Имущественный состав мещанства проследить довольно трудно, так как мы располагаем ограниченным кругом источников учета населения. Этот вопрос можно выяснить в определенной мере по данным городских обывательских книг. Но даже в этих источниках сумма объявляемого мещанами капитала зафиксирована не всегда. В городской обывательской книге Томска за 1789-1800 гг. количество мещанских семей, объявивших свои капиталы составляло 10,9%, их сумма колебалась от 25 до 500 рублей (при минимальном купеческом капитале 1000 руб.) [4, Л. 290-308]. Наибольшая доля мещан объявила капитал в размере от 100-200 рублей – 35 семей (53,8%). Капитал до 100 рублей был заявлен 12 мещанскими семьями (18,5%), от 200 до 400 рублей – 13 (20%). Доля семей с самыми высокими капиталами оказалась небольшой (400-500 рублей – всего 7,7%, 5 семей). 500 рублей было записано за двумя семьями – семьи мещанина Былина Николая Ивановича и мещанина Наскова Прокопия Васильевича. Обе семьи занимались торговлей, как, впрочем, и большинство всех остальных состоятельных мещан. Среди 65 семей, объявивших свои капиталы только 6 из них, занимались не торговой деятельностью – это были ямщики, 1 «кожевенный заводчик», 2 семьи «кормились от разных услуг».

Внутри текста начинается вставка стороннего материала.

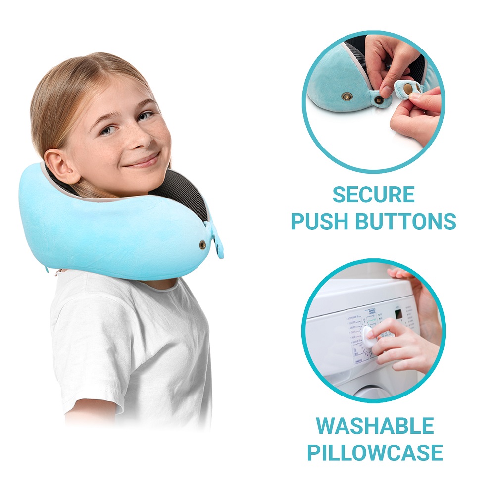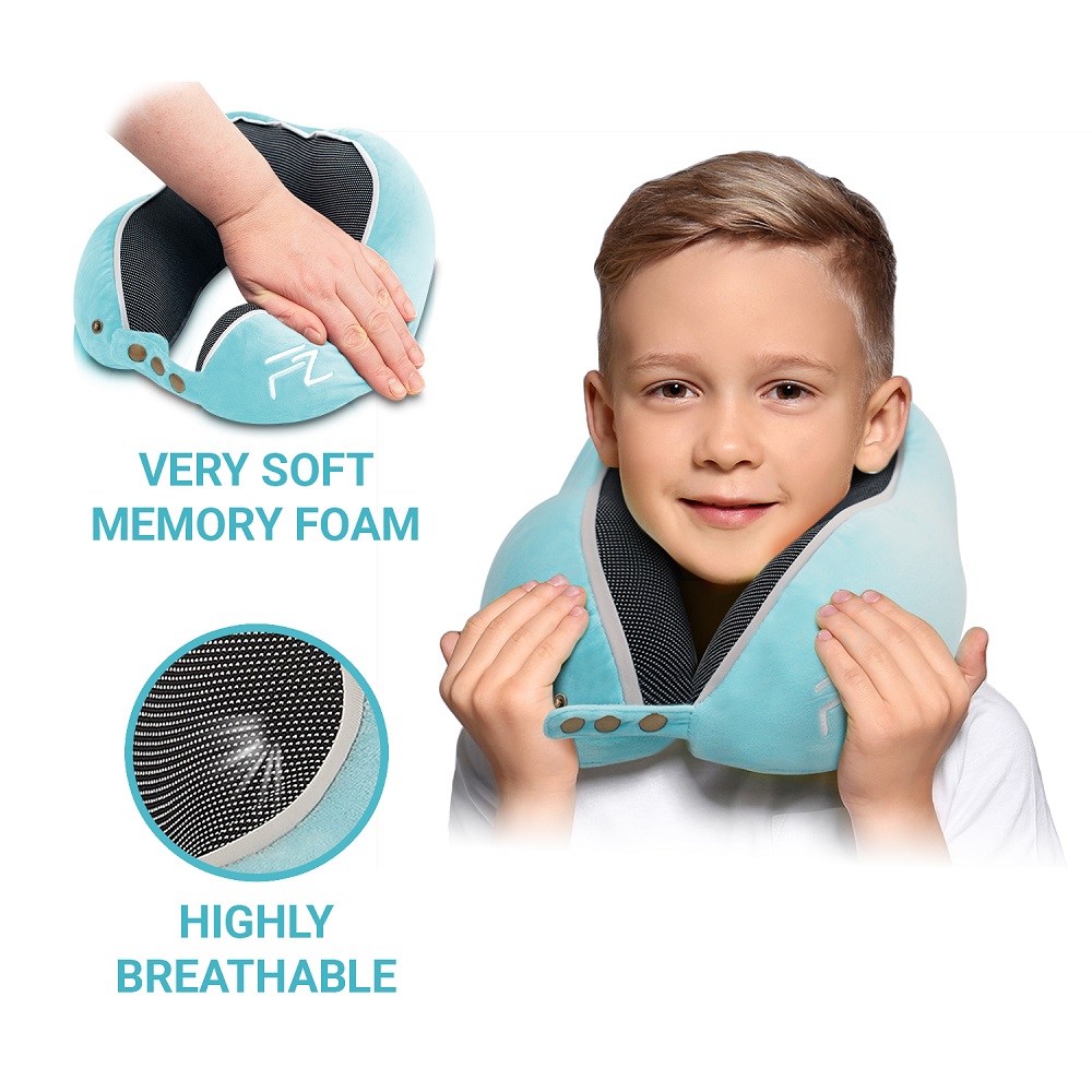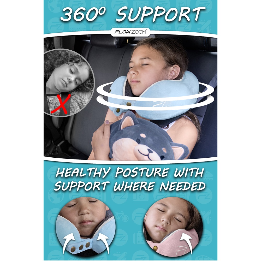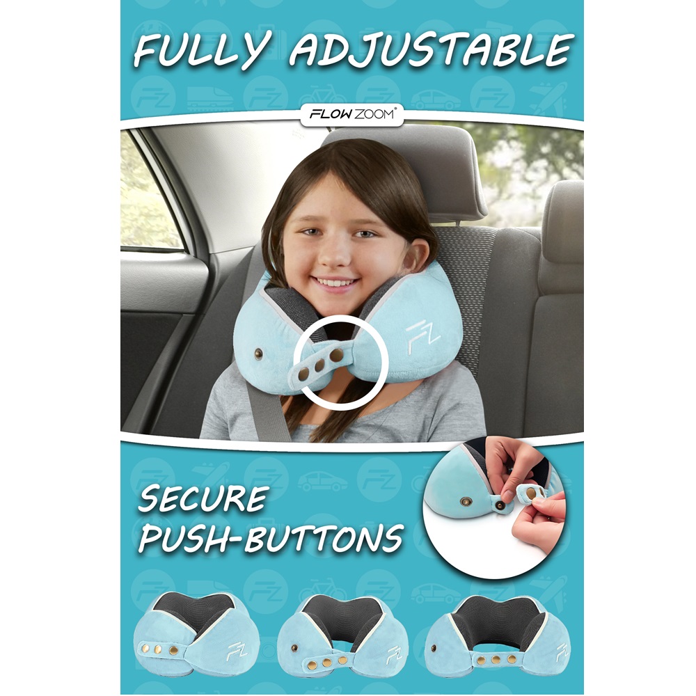 Travel Neck Pillow - Flowzoom Comfy Kids Blue Medium
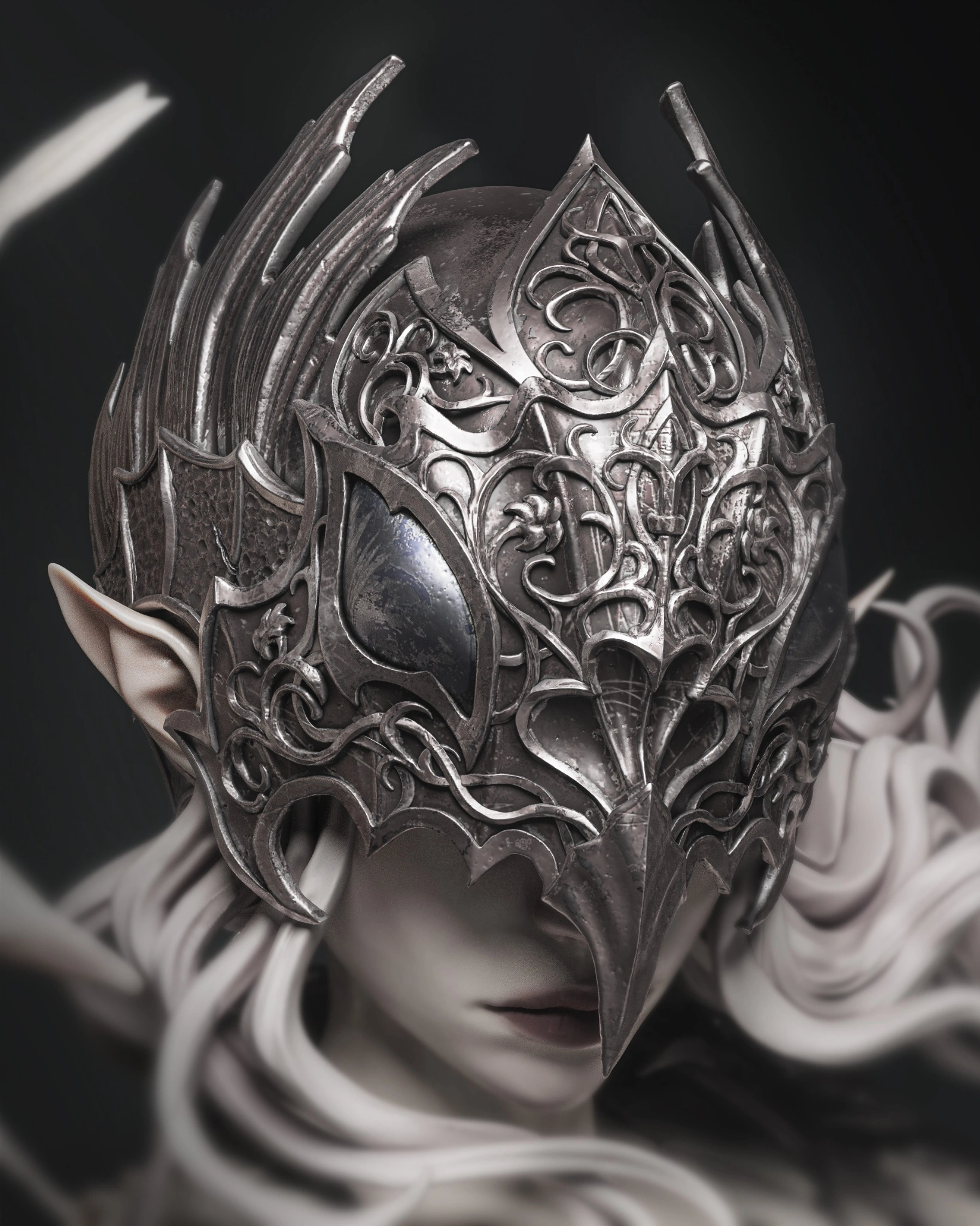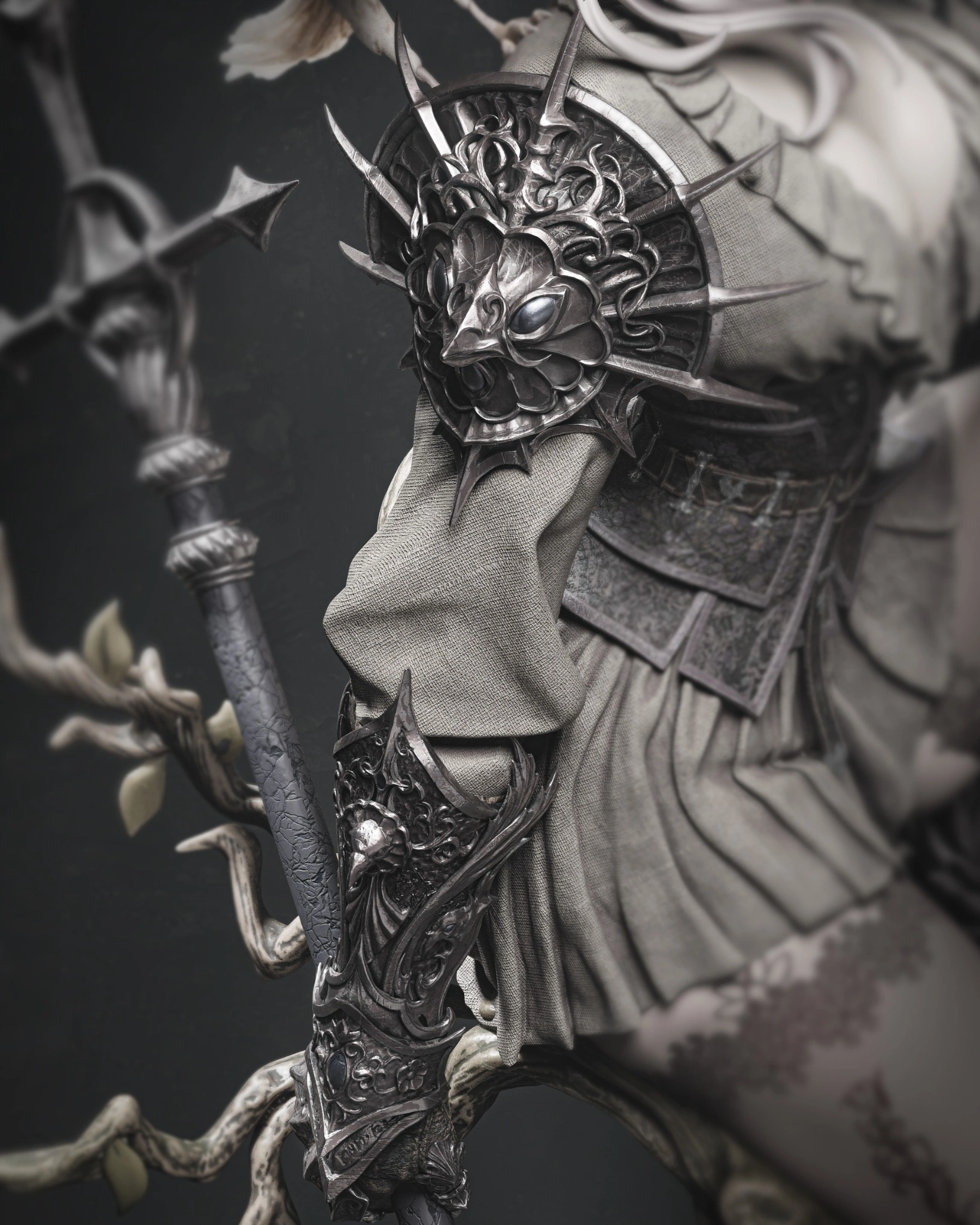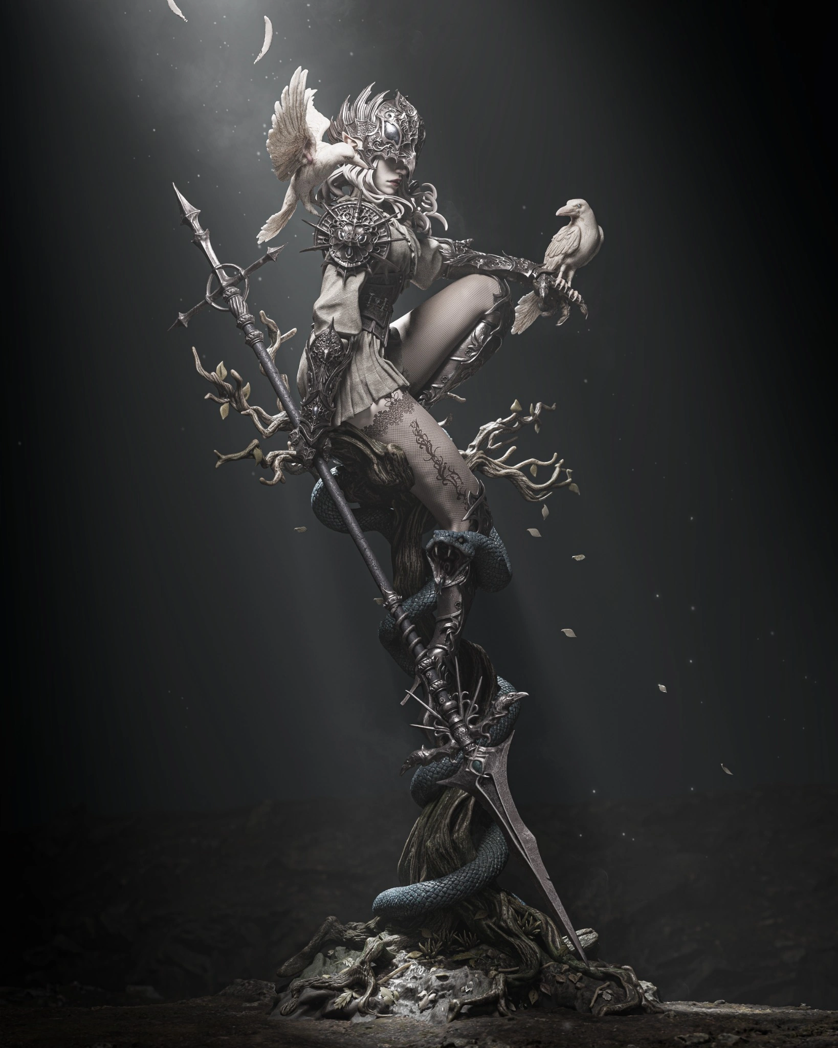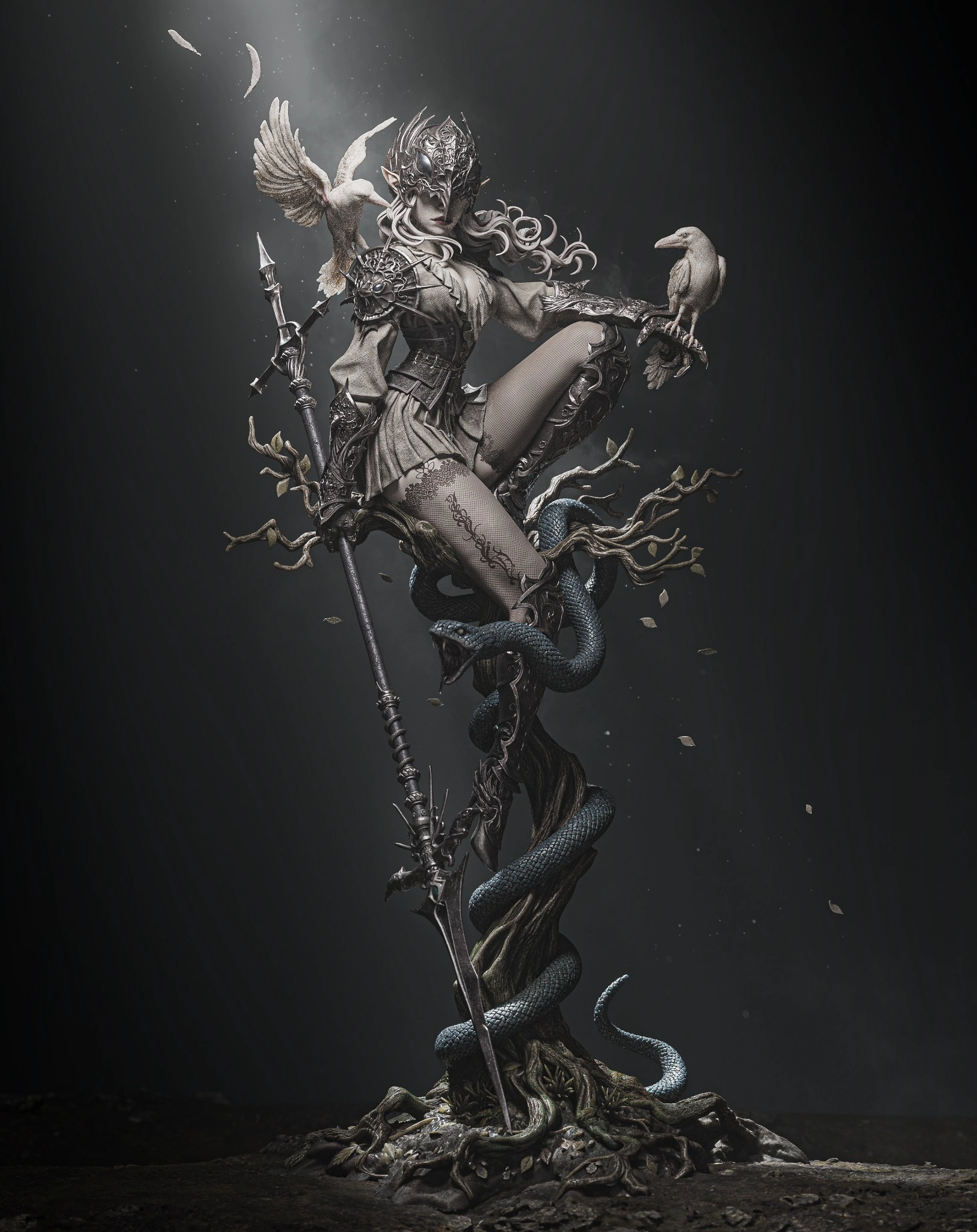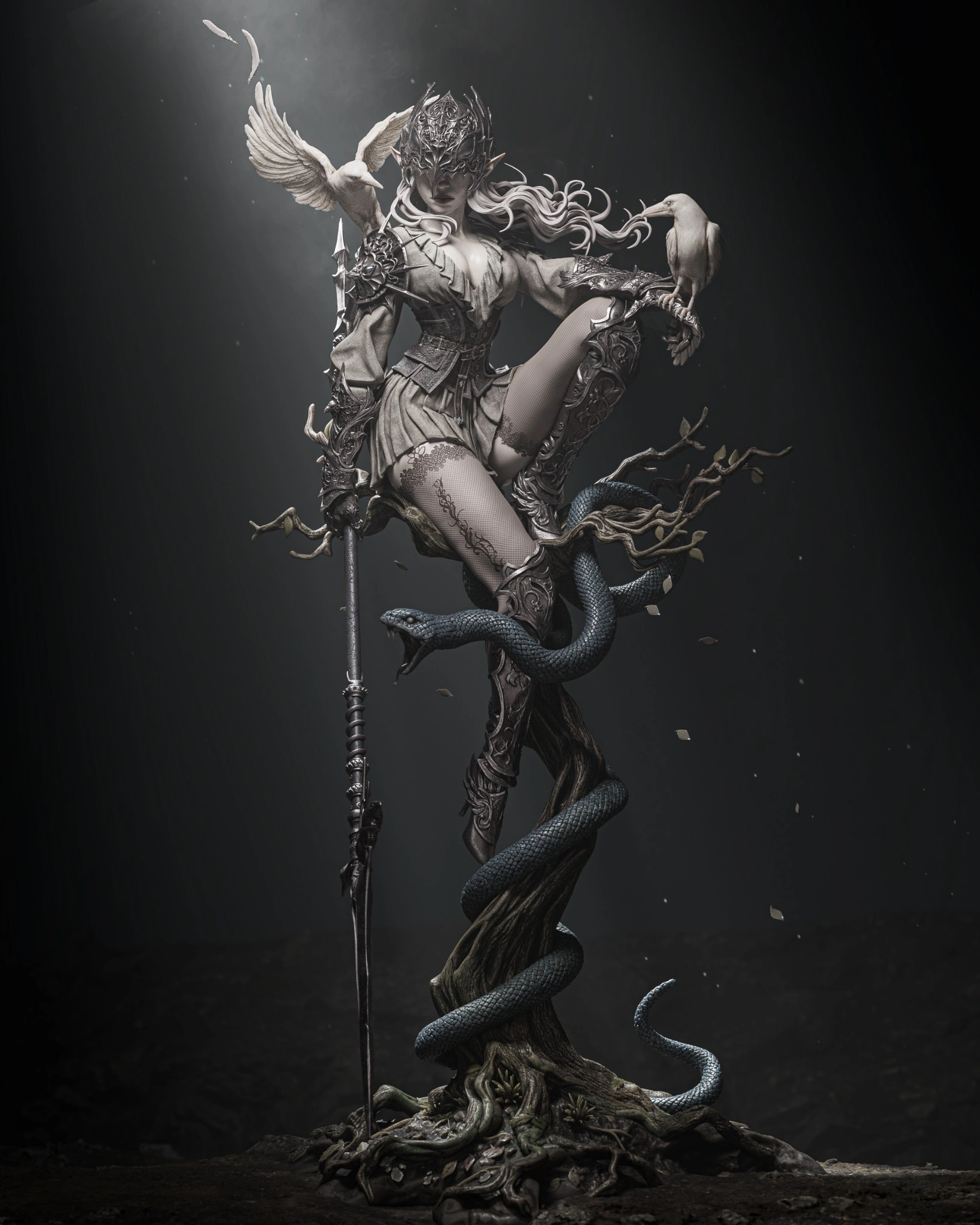 Lenora – Queen of Crows to majestatyczna postać balansująca pomiędzy światłem i cieniem. Krucza królowa, odziana w misternie rzeźbioną zbroję, wsparta na splątanych korzeniach, z wijącym się u jej stóp wężem i ptakami czuwającymi nad każdym ruchem. Dynamiczna poza, bogactwo ornamentów oraz kontrast delikatności z drapieżnością czynią z tej figury prawdziwy centerpiece każdej kolekcji.

Бескапитальные мещане составляли основную массу в этой страте – 89,1%. Подобная ситуация складывалась и в Тобольской губернии. Основная масса мещан и здесь была бескапитальной. Например, в Туринске в 1819-1821 гг. такие мещане составляли 95,2%, в Таре 1792-1794 гг. – 76,7%. Капитал других мещан колебался от 5 до 600 руб. в конце XVIII в. [2, С. 19]. Среди западносибирских мещан наиболее богатые их представители проживали в Тюмени. Здесь в период 1789-1791 гг. «капитальные» мещане составляли 48,3%. В первой половине XIX в. ситуация в этом городе похоже значительно не изменилась. По данным В.В. Рабцевич, в Тюмени в этот период «19 семей мещан объявили капитал от 1 тыс. до 3 тыс. руб. (при минимальной норме купеческого капитала 8 тыс. руб.)» [5, С. 121]. Относительно высокую, в сравнении по Сибири жизнь, мещане Тюмени занимали, возможно, из-за определенных успехов в промышленности, в частности в кожевенной. По мнению исследователей, этим город обязан благоприятному географическому положению [6, С. 114].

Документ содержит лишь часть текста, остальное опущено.